━━━ Recorded information ━━━

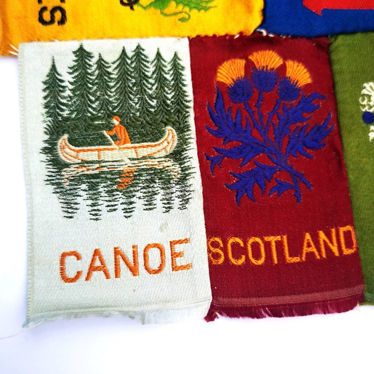 Antique 1900s Collector Tobacco Silks, Country Names, Lot of 8 Patches
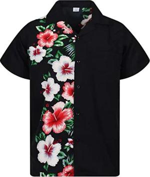 Funky Hawaiihemd, Kurzarm, Blanc, schwarz, L
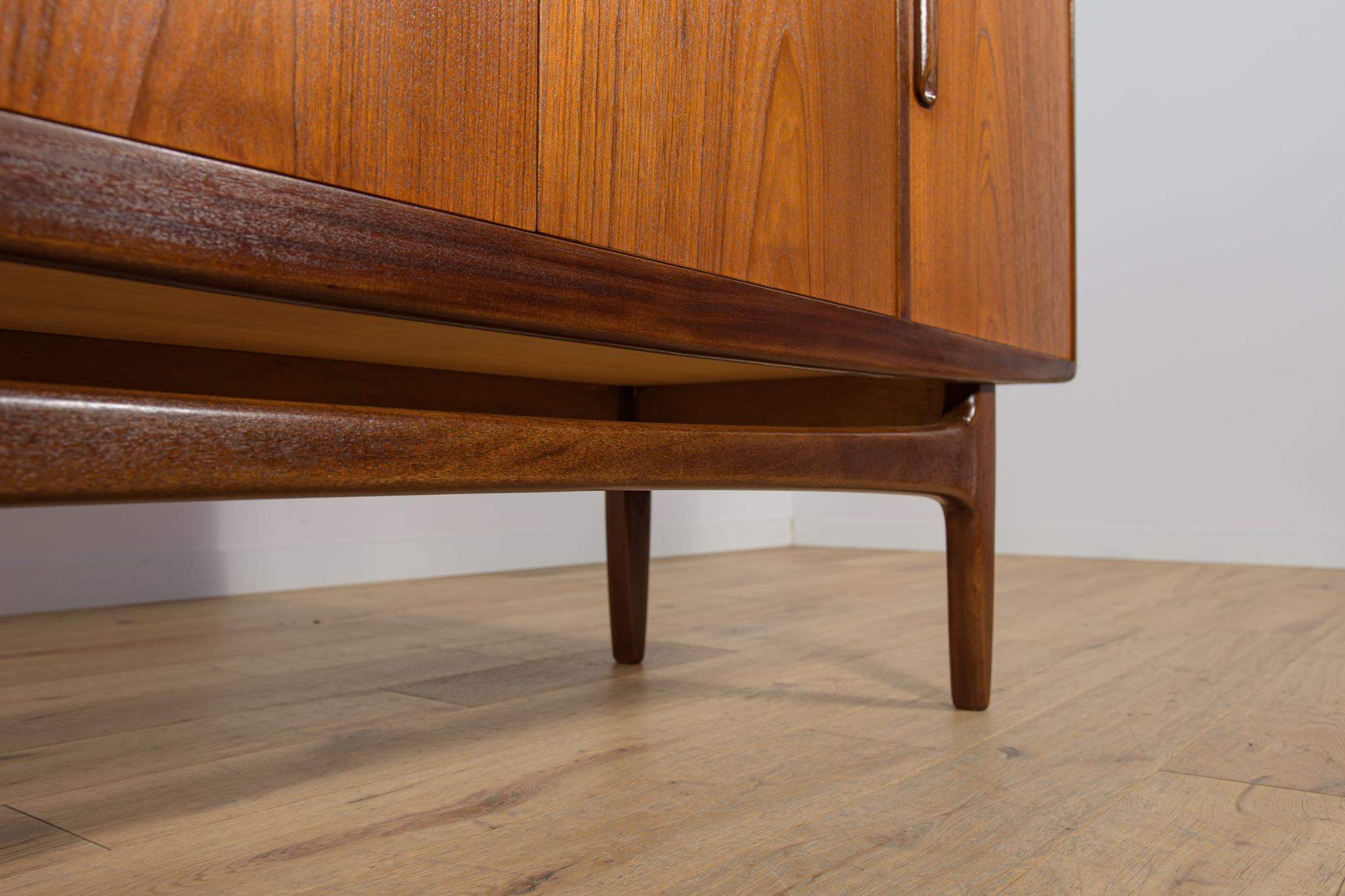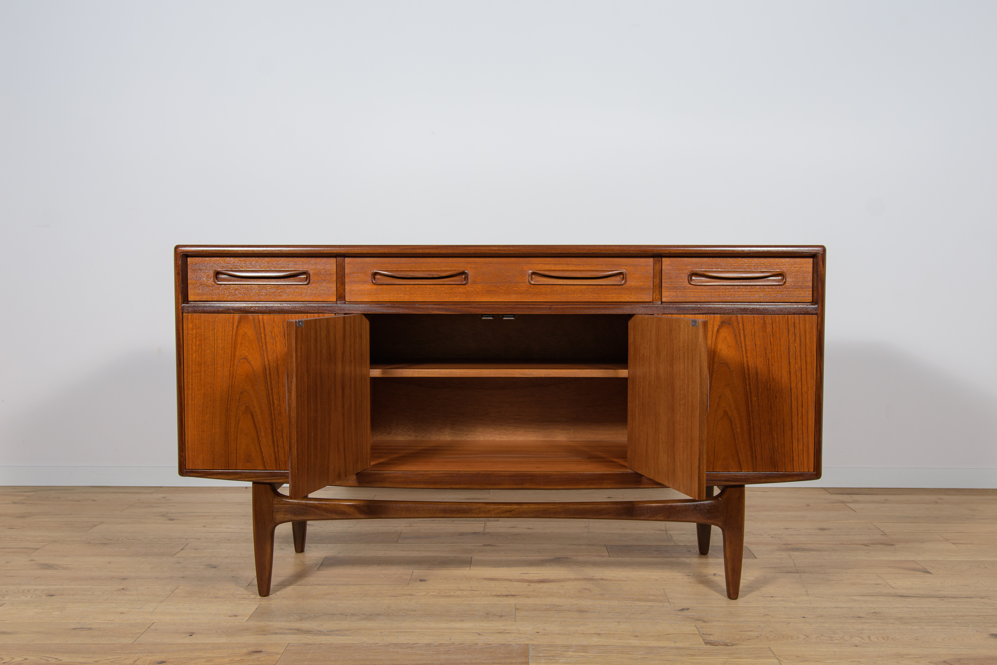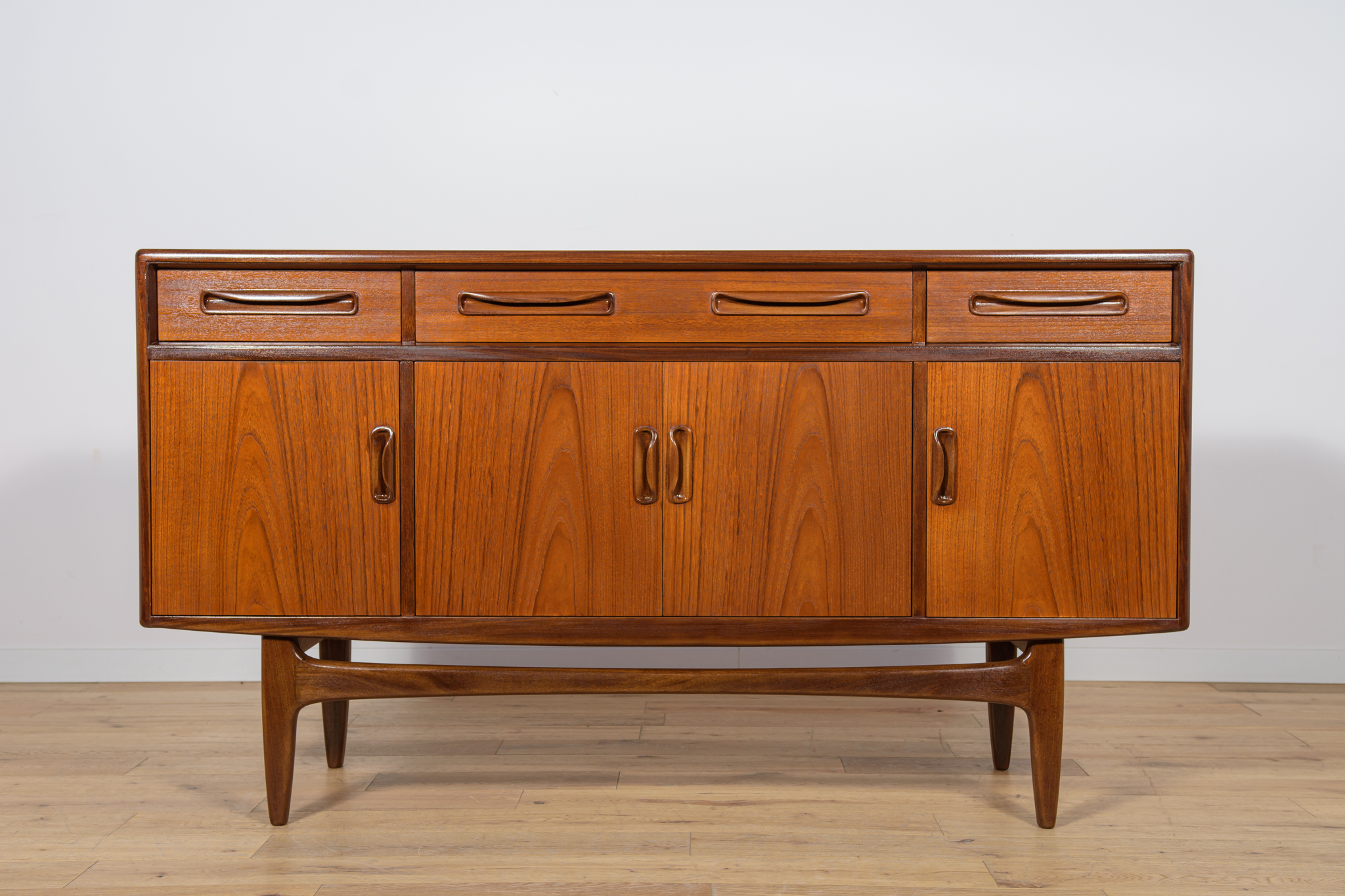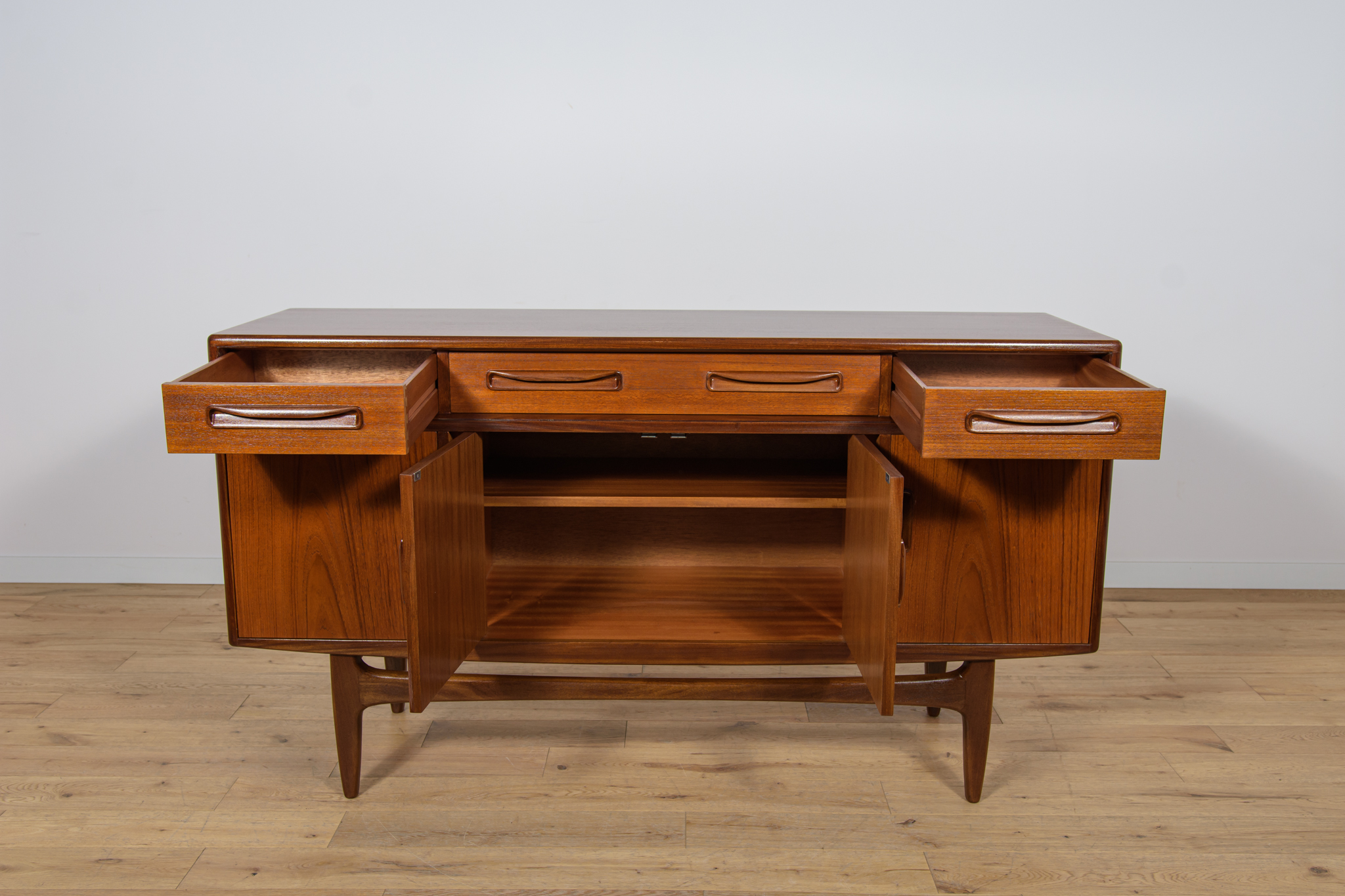 This elegant Scandinavian influenced credenza designed by Victor Wilkins became an instant Classic for G-Plan, it is an exceptionally well-balanced design with dark Afromosia sculpted handles and trim contrasting against the teak veneer. It sits upon an elegantly curved stretcher and tapered legs. Completely restored. Sideboard cleaned from the old surface and painted oak stain and finished with quality Danish oil.

━━━

» Problem: Set out nothing but the lines from the line with "Funky Hawaiihemd, Kurzarm, Blanc, schwarz, L" through the end of the material, reproduced exactly, both ends included, pictures omitted.

» Answer for the task:
 Funky Hawaiihemd, Kurzarm, Blanc, schwarz, L
 This elegant Scandinavian influenced credenza designed by Victor Wilkins became an instant Classic for G-Plan, it is an exceptionally well-balanced design with dark Afromosia sculpted handles and trim contrasting against the teak veneer. It sits upon an elegantly curved stretcher and tapered legs. Completely restored. Sideboard cleaned from the old surface and painted oak stain and finished with quality Danish oil.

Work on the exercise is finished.